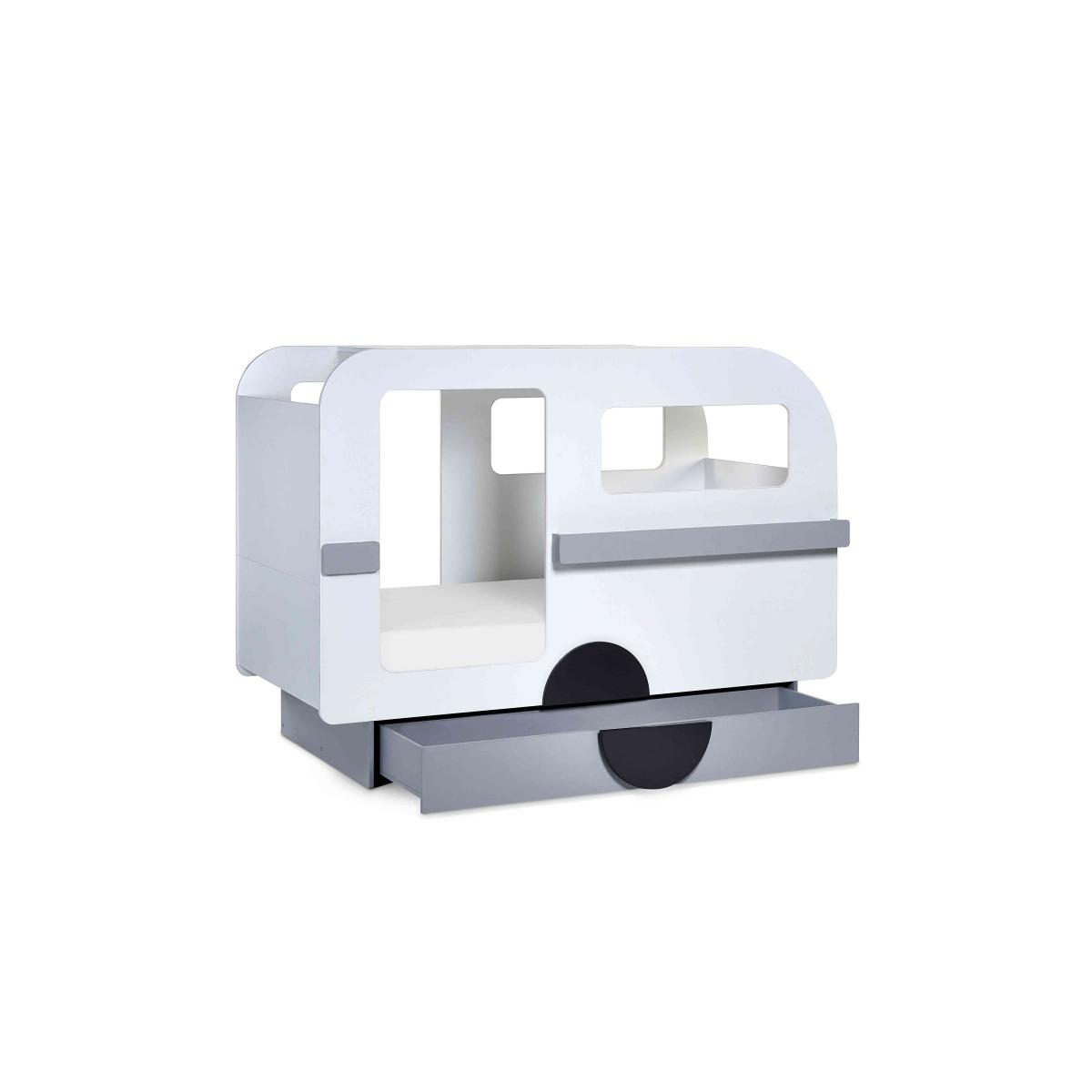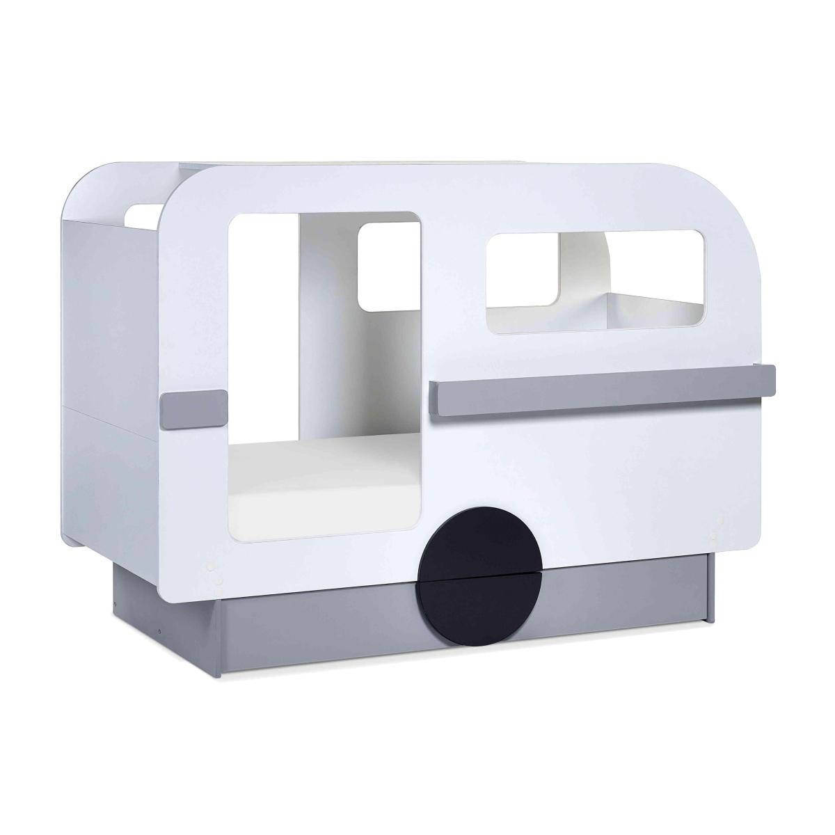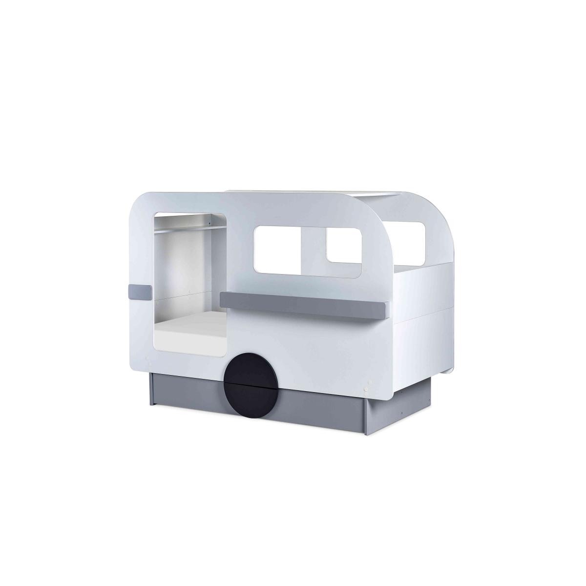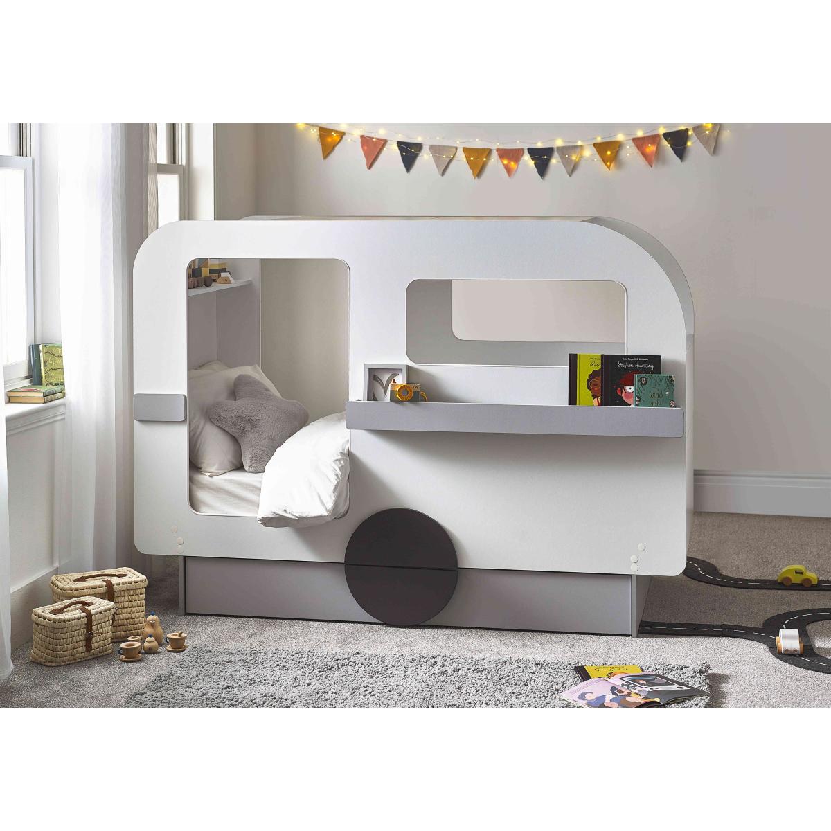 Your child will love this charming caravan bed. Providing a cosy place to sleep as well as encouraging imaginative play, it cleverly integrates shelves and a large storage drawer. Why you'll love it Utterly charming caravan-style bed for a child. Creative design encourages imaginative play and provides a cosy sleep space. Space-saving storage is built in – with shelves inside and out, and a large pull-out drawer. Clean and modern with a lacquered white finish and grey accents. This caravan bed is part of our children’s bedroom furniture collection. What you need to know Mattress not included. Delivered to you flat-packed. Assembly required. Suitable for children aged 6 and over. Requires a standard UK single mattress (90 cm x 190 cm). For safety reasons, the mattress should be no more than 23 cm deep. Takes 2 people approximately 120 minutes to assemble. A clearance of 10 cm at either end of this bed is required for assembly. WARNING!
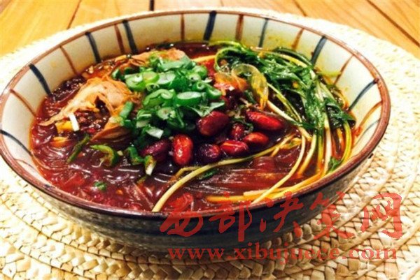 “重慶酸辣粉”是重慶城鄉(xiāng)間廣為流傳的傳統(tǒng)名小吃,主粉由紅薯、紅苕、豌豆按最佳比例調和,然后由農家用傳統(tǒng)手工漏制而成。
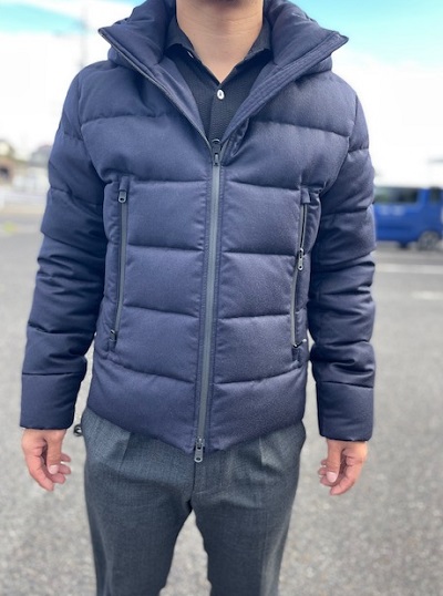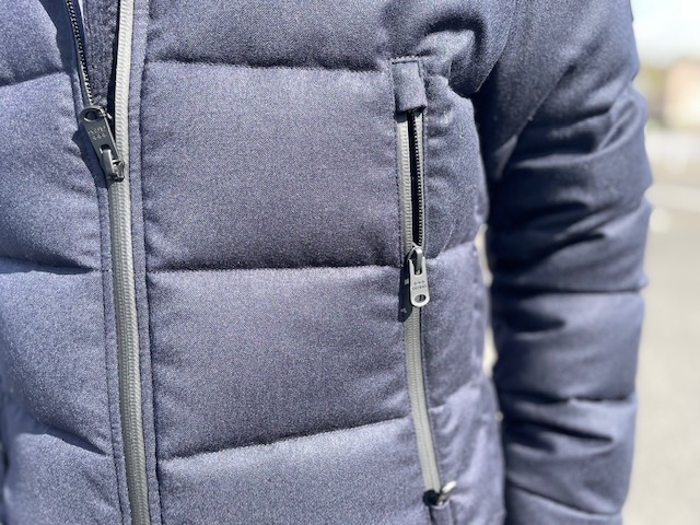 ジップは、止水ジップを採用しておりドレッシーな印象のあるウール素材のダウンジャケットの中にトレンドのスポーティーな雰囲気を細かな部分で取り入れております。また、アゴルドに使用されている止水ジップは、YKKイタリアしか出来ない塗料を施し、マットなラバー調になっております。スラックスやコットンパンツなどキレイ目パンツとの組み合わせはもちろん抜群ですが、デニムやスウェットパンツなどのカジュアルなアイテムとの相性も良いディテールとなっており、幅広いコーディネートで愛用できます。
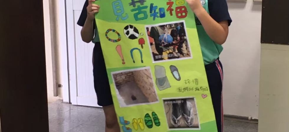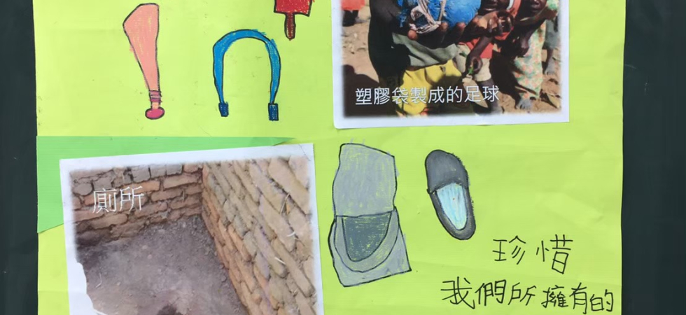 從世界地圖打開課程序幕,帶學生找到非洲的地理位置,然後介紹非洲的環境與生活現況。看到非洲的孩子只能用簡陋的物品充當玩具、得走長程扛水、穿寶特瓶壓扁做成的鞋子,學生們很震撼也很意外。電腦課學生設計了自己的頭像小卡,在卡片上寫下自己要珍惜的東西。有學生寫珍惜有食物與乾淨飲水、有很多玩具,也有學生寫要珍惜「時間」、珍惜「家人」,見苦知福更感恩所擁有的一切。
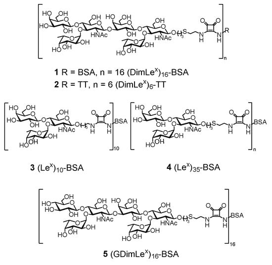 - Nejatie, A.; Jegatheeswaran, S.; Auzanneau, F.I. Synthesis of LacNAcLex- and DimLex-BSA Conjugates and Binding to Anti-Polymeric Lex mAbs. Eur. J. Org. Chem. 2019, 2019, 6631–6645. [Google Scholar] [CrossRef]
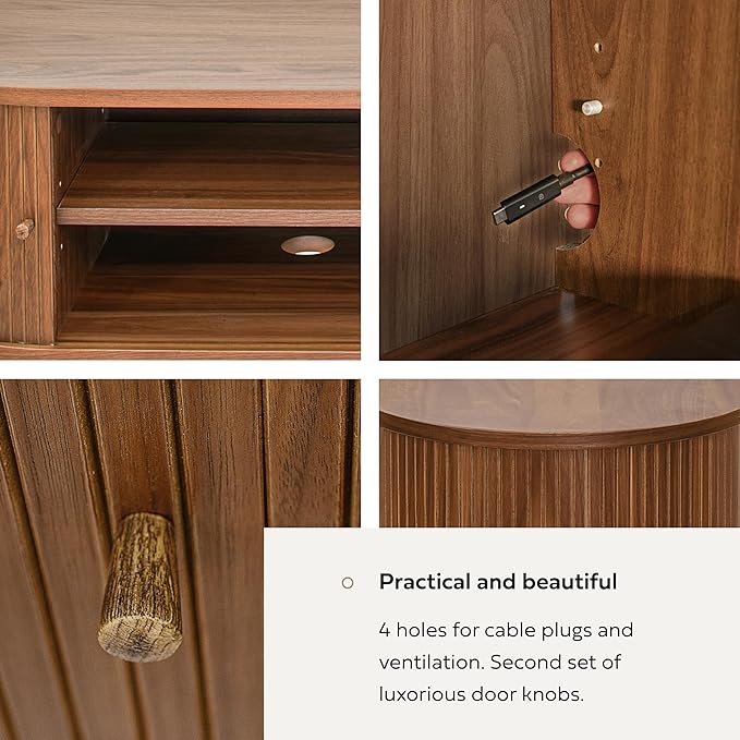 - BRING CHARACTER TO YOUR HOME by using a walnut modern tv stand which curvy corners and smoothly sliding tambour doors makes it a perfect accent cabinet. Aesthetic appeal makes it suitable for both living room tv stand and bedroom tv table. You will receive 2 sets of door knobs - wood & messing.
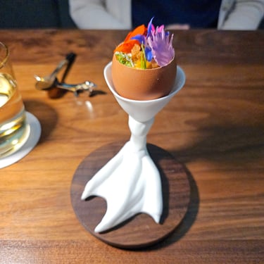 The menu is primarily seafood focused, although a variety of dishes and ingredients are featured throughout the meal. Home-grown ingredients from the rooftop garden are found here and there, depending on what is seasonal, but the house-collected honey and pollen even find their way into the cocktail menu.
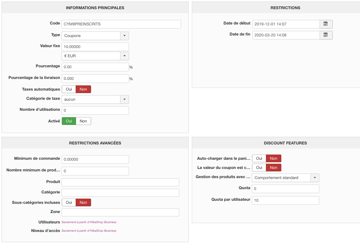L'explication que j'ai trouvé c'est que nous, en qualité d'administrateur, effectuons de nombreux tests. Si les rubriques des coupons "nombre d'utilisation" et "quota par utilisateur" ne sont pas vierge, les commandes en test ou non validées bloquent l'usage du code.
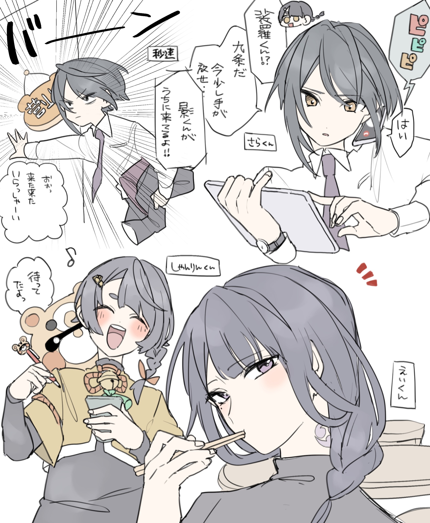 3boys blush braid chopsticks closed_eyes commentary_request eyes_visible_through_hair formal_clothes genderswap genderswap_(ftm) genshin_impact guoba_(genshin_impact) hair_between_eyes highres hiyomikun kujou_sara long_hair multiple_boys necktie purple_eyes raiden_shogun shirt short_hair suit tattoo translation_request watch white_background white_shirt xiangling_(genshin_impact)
++++++
**What the task asks**
From the listing above, please give again the lines that begin with the line holding "從世界地圖打開課程序幕,帶學" and go on through the line holding "- BRING CHARACTER", exactly, both ends included, minus any picture.

**Solution to this exercise**
 從世界地圖打開課程序幕,帶學生找到非洲的地理位置,然後介紹非洲的環境與生活現況。看到非洲的孩子只能用簡陋的物品充當玩具、得走長程扛水、穿寶特瓶壓扁做成的鞋子,學生們很震撼也很意外。電腦課學生設計了自己的頭像小卡,在卡片上寫下自己要珍惜的東西。有學生寫珍惜有食物與乾淨飲水、有很多玩具,也有學生寫要珍惜「時間」、珍惜「家人」,見苦知福更感恩所擁有的一切。
 - Nejatie, A.; Jegatheeswaran, S.; Auzanneau, F.I. Synthesis of LacNAcLex- and DimLex-BSA Conjugates and Binding to Anti-Polymeric Lex mAbs. Eur. J. Org. Chem. 2019, 2019, 6631–6645. [Google Scholar] [CrossRef]
 - BRING CHARACTER TO YOUR HOME by using a walnut modern tv stand which curvy corners and smoothly sliding tambour doors makes it a perfect accent cabinet. Aesthetic appeal makes it suitable for both living room tv stand and bedroom tv table. You will receive 2 sets of door knobs - wood & messing.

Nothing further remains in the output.